What you want to teach:

  • Precise words make writing vivid. The sentence “The dog jumped up on the boy” is a simple statement. When the writer replaces “dog” with “Saint Bernard,” the scene changes dramatically. Or, “When the officer ran past the gate, the dog turned on him” is vague compared with “The officer sprinted past the gate when the Chihuahua turned on him.” If accurate, the images are certainly more vivid.
  • If adjectives are needed, specific adjectives help create powerful images. “The teacher put on his cashmere sweater” is more vivid than “The teacher put on his nice sweater.”
  • Specific details should be relevant to the story being told. If the story is about the furnace failure in the middle of a Minnesota winter, the sentence “The teacher put on his sweater” helps communicate how cold the school room was. Unless the teacher had a choice of sweaters and the reporter’s aim is to profile the teacher, the specific adjective “cashmere” is not needed.
  • How precise is “precise”? Challenging students to look for the perfect verb for a man coming off a roof down a rope will have them using the word “sliding” when “rappelling” may be visually accurate. They need to understand that “rough pants” isn’t as precise as “burlap jeans.”

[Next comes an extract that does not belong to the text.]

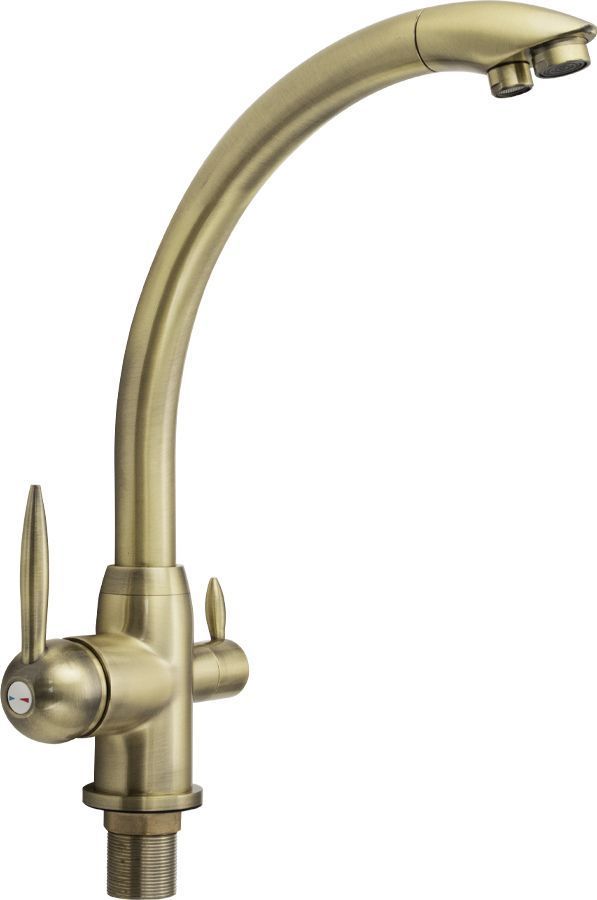 Смеситель для кухонной мойки и раковин, с двойным выпуском воды для фильтра, литой корпус под цвет состаренной БРОНЗЫ, из латуни, с высоким С-образным изливом, шаровый, с отдельным переключением от фильтра и проточной воды. Крепление резьба - гайка, картридж d = 40 мм, ручка шток. Аэратор для экономии воды. Такая модель может использоваться на домашней кухне, на даче, в медицинских учреждениях и общественных местах. Габаритные размеры: высота 330 мм, длина 260 мм, диаметр посадочного седла 55 мм, длина резьбы 50 мм, длина подводки 450 мм. Вес - 2,200 кг, объём - 0,00613 м3. В комплекте паспорт, корпус с изливом, подводка 1/2, крепеж, набор прокладок.

Ways to teach what you have to teach:

  • Charades. Give students verbs to demonstrate. As in the game of charades, each player pulls a word from a hat and acts it out for classmates to guess. Words on the slips of paper might be various gaits such as “stomp,” “leap,” or “glide.” Teams can be formed and score kept. Someone might be appointed to record guesses on the blackboard so that synonyms can be discussed.
  • Reading for vague words. Give students a strong piece of writing that you have de-edited. Ask them to circle the vague words. Showing them the original piece can help reinforce the point that precise language makes writing stronger.
  • Reading for precise words. Ask each student to copy lyrics from a favorite song and circle precise nouns, verbs or adjectives.
  • Word bans. Announce that a certain word will be banned from the classroom for a period of time. Choose one vague or weasel word per week or month or semester. Discuss words that add nothing to a sentence and ban words like “many,” “few,” “some,” or “very.”
  • Word pictures. Give each small group or pair of students a front page photograph from local newspaper and ask the groups to write a description of their photos. Each group will read its description to the class and then show its photo. Class response to word choice will be best if groups manage to conceal and not reveal their photo until after the reading of their writing has created mental pictures in the listeners’ minds. Structured class response should acknowledge vivid words, phrases and imagery and discuss how the imagery is accurate, precise and relevant. An overhead projector might be helpful.